Protein structure determination is still dominated by xray diffraction. For diffraction studies structural biologists need to grow and optimise protein crystals until they diffract to an usable and optimal resolution. A purified protein sample is exposed to a number of crystallisation screens, each comprising a selection of chemical conditions that are designed to explore a reasonably wide area of potential crystallisation conditions.
Many crystallography labs routinely image these in large plate storage systems, which reduces the human interaction to viewing a set of usually 100-1000 images at various time points. This is a slow and laborious process, and highly applicable to machine learning approaches tailored to looking at images. TexRank, a texton analysis ranking software was developed by Jia Tsing in OPIG and is used at the Structural Genomics Consortium (SGC). This ranking reduces the number of images that a human needs to search through, providing a quicker review process.
However the ultimate aim is to further reduce or remove the human review step. The first step is to classify images, with the most important classification being whether a crystal is present. MARCO uses annotated images to classify images into four categories:
- Crystals: 91% predicted
- Precipitate: 96.1% predicted
- Clear: 97.9% predicted
- Other: 69.6% predicted
This is typically better than human classification, when a human classifies two image sets at the beginning and en of ~1000 crystal images, they are around 85% accurate (Snell et al, 2008).
Cinder (Crystallographic Tinder) is an app (Andriod & IOS) that collects human categorisations of crystals to produce a labelled set, that can be used for further machine learning approaches to categorising images. A user can swipe to classify a crystal into four categories. A learning mode (KInder) is supplied to teach new crystallographers how to classify a variety of image types. The app can also be used to score a user’s own plates (C3 facility users).

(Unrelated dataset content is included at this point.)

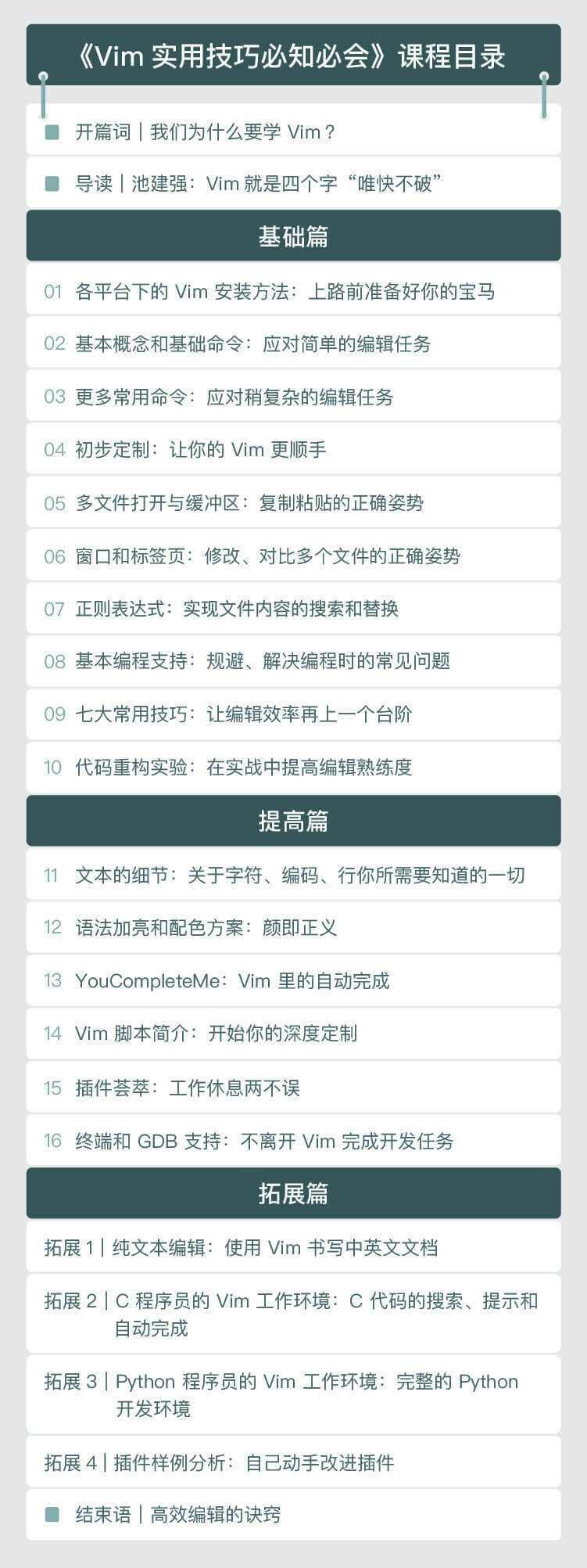 今天是《Vim 实用技巧必知必会》早鸟优惠价的最后一天,限时 79 元,用我为大家申请的优惠口令 MAITAO888,还能在优惠价的基础上再减 10 元,69 元订阅。8 月 1 日起,这门课就将恢复原价。我在文末给你放了一张 Vim 的课程目录,你可以看看是不是自己的菜。

Although identifying a crystal/ precipitate in a drop is essential, reducing the human interaction will require further classification efforts. For example a crystal screening drop may contain precipitant, crystal and micro crystals. Identifying these features hierarchically will be needed to further study whether that condition could be considered viable. Furthermore, following the potential crystallinity of a drop over time is important, to determine whether a condition can be optimised to produce higher quality crystals. Classifying crystallisation outcomes would ideally be used to predict the conditions in which a protein may crystallise, however this is far from reality in the crystallisation community,
References
- Ng, Jia Tsing et al. “Using Textons to Rank Crystallization Droplets by the Likely Presence of Crystals.” Acta Crystallographica Section D: Biological Crystallography 70.Pt 10 (2014): 2702–2718. PMC. Web. 28 Aug. 2018.
- Snell, Edward H. et al. “Establishing a Training Set through the Visual Analysis of Crystallization Trials. Part I: ∼150 000 Images.” Acta Crystallographica Section D: Biological Crystallography 64.Pt 11 (2008): 1123–1130. PMC. Web. 28 Aug. 2018.
- Bruno AE, Charbonneau P, Newman J, Snell EH, So DR, et al. (2018) Classification of crystallization outcomes using deep convolutional neural networks. PLOS ONE 13(6): e0198883. https://doi.org/10.1371/journal.pone.0198883
- Rosa, N., Ristic, M., Marshall, B. & Newman, J. (2018). Acta Cryst. F74, 410-418.